Jupytext — Diff your Jupyter notebook as you want
The Jupyter notebook has been the go-to tools for a lot of data scientist, and it has been used widely for education due to the ability to run cell one by one. The fact that the notebook is a huge JSON file makes it hard to work with tools like git, nbdime is a great alternative if you want to see the output of Jupyter Notebook, I have written a post about nbdime about six months ago.
nbdime is great, but it does not work well with IDEs like VS Codes and PyCharm. What if there is a tool that allows you to work with notebook but you can diff like scripts? There is a simple solution — Jupytext. The magic about Jupytext is, it pairs your notebook with a .py script automatically(you can also pair with .html/.md, etc…). It is a simple but effective solution that allows you to enjoy the benefit of both sides. There are some cool things unlocked by this notebook-scripts pair.
- Open a .py script like a notebook
- Version control is easy
- Full IDE refactor capability with your Jupyter Notebook
1. Open a .py script like a notebook
You can install Jupytext with this command easily, it will install Jupytext and the notebook extension come with it.
pip install jupytext
If you have pay attention to the file name, it is actually a .py file, but you can treat it like a notebook. You can play with the file interactively in every way, except that it is still a .py file, so the output will not be cached in the script file, it only exists in your browser.
Pair your notebook with the script
With the notebook extension, it is just 1 click to pair your notebook. Here I have paired my notebook with light format script. If you do not care what format it is, just go with the light script. According to the Jupytext doc, these are the supported format currently.

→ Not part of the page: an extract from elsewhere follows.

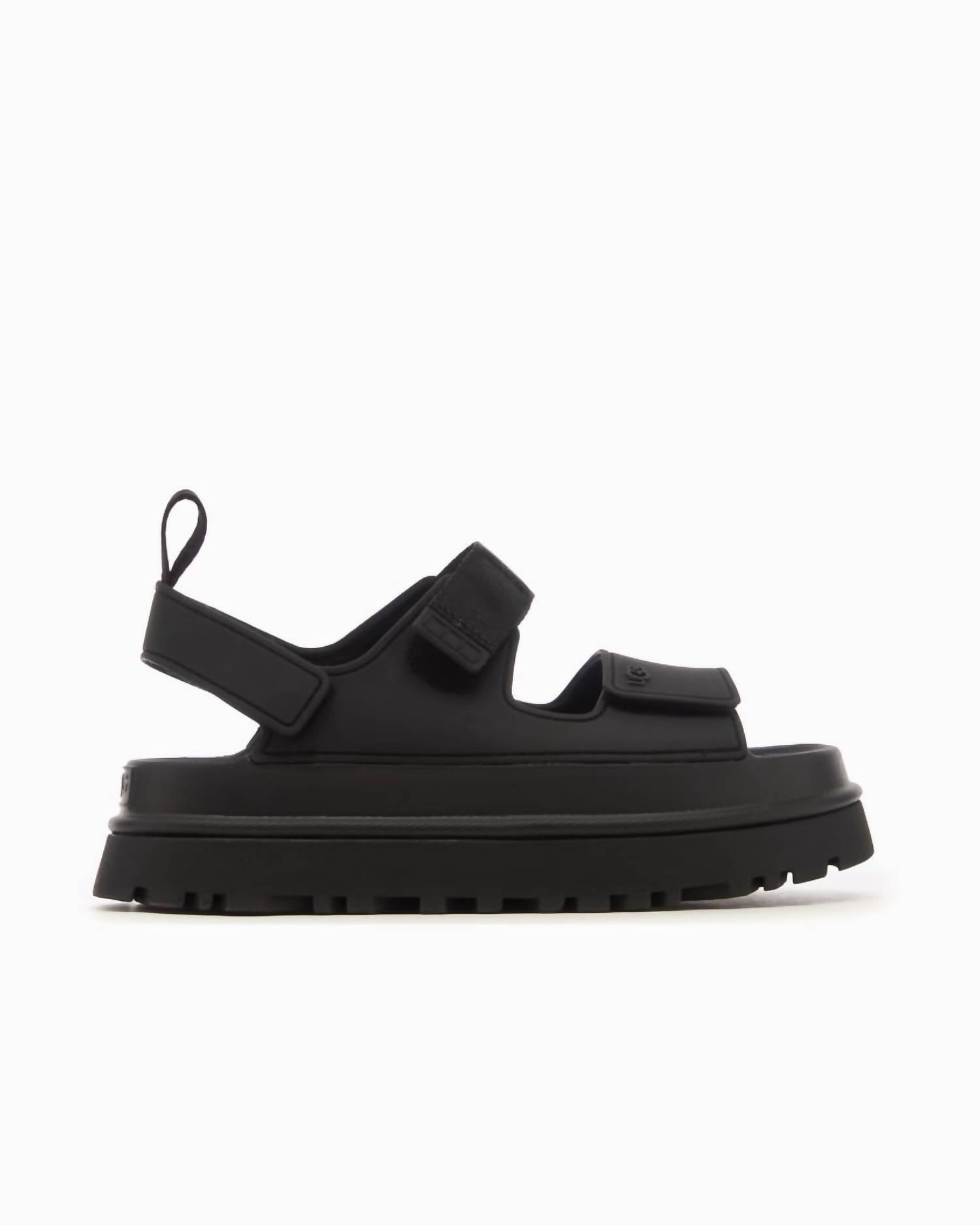 Step into summer with the Women's Goldenglow Sandal by UGG, designed for effortless style and comfort. This black platform sandal boasts a 2-inch platform height and a supportive sugarcane EVA outsole, making it as durable as it is fashionable. Featuring a TPU upper and an adjustable hook-and-loop closure, the sandal incorporates 100% recycled polyester fibers in its design. With a rubber sole and air circulation system, enjoy a preppy, eco-conscious look perfect for warm days.

Markdown and R Markdown documents,Julia, Python, R, Bash, Scheme, Clojure, Matlab, Octave, C++ and q/kdb+ scripts.
2. Version Control is easy
The fact that it pairs your notebook with scripts means, well, you can just version control the .py file. The notebook is not necessarily added into the repository anymore, only if you want to show the output.

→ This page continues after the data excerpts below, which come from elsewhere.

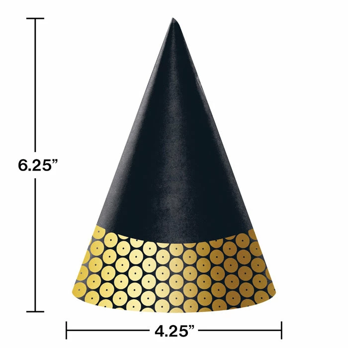 Details: Celebrate in style with these Black and Gold Sequin Party Hats. Featuring an elegant gold design with a black top these hats are the perfect thing to get your party started! Measuring 4.25″ x 6.25″ these party hats can be paired with any other Black and Gold Sequin party supplies. With discount pricing and great quality our Black and Gold Sequin Party Hats are perfect for event planners caterers and home hostesses alike. Approximate Size: 4.25″ x 6.25″. Material: Paper Foil Polyester
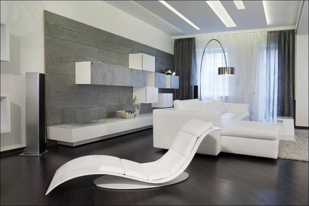 Hitech tối đa và lược bỏ những đồ nội thất không cần thiết, những đồ vật trang trí không chứa công năng sẽ không được sử dụng. Những loại đèn thường được gắn âm tường tạo hiệu ứng không gian đa sắc màu.
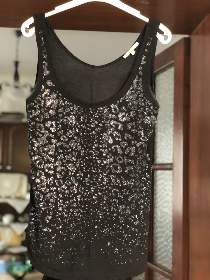 Siyah, payetli baskılı ve penye kumaştan, dar kesim, kolsuz, yuvarlak yaka kadın atlet. Rock punk tarzıyla parti ve gündelik kullanıma uygun. ✨
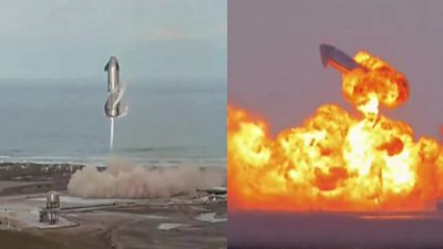But that wasn’t the end of the story. A fire then developed around SN10’s base and eight minutes later it exploded on the landing pad in Boca Chica, Texas.

3. Full refactor capability with your notebook
Jupytext try very hard to figure out the changes in your paired notebook and script. If you make changes on your notebook, the script will be updated simultaneously.

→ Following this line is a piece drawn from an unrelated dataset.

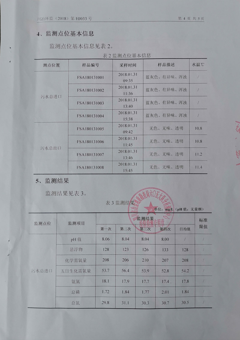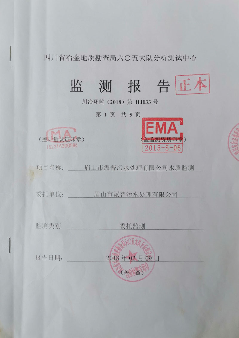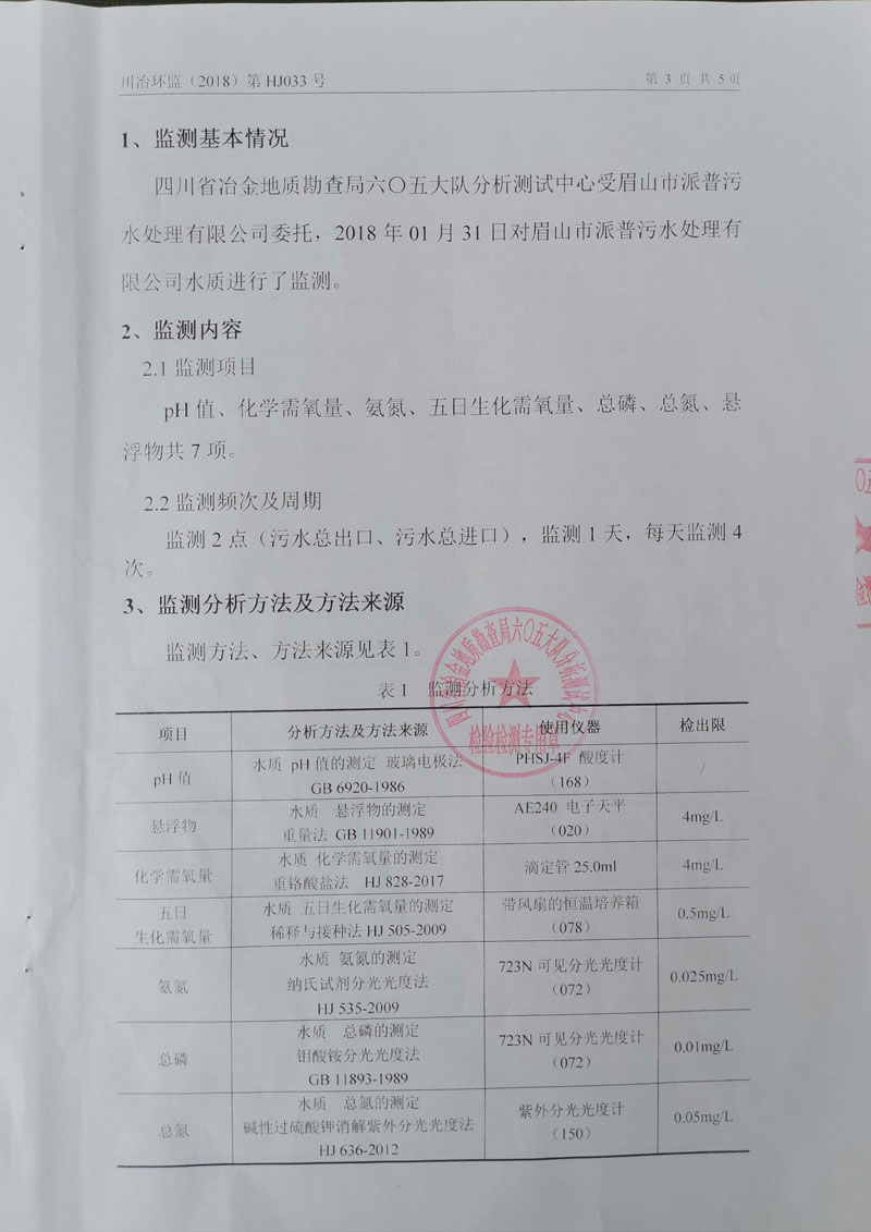 根據(jù)環(huán)保法律法規(guī)要求企業(yè)環(huán)境信息公開,現(xiàn)將眉山市派普污水處理有限公司污水處理廠2018年1月第三方檢測機構(gòu)檢測數(shù)據(jù)公示如下:

So here is the description of what I am doing.
- Do refactoring in VS Code
- Save the script file.
- Press F5 to refresh the notebook to get the new changes
Conclusion
This is my most common use case with Jupytext, but it can do a lot more. Do check out their Github page for more advanced usage. Marc himself has also written a blog about the release of Jupytext 1.0 where he explains the functionality in details. Let’s do more refactoring with notebooks.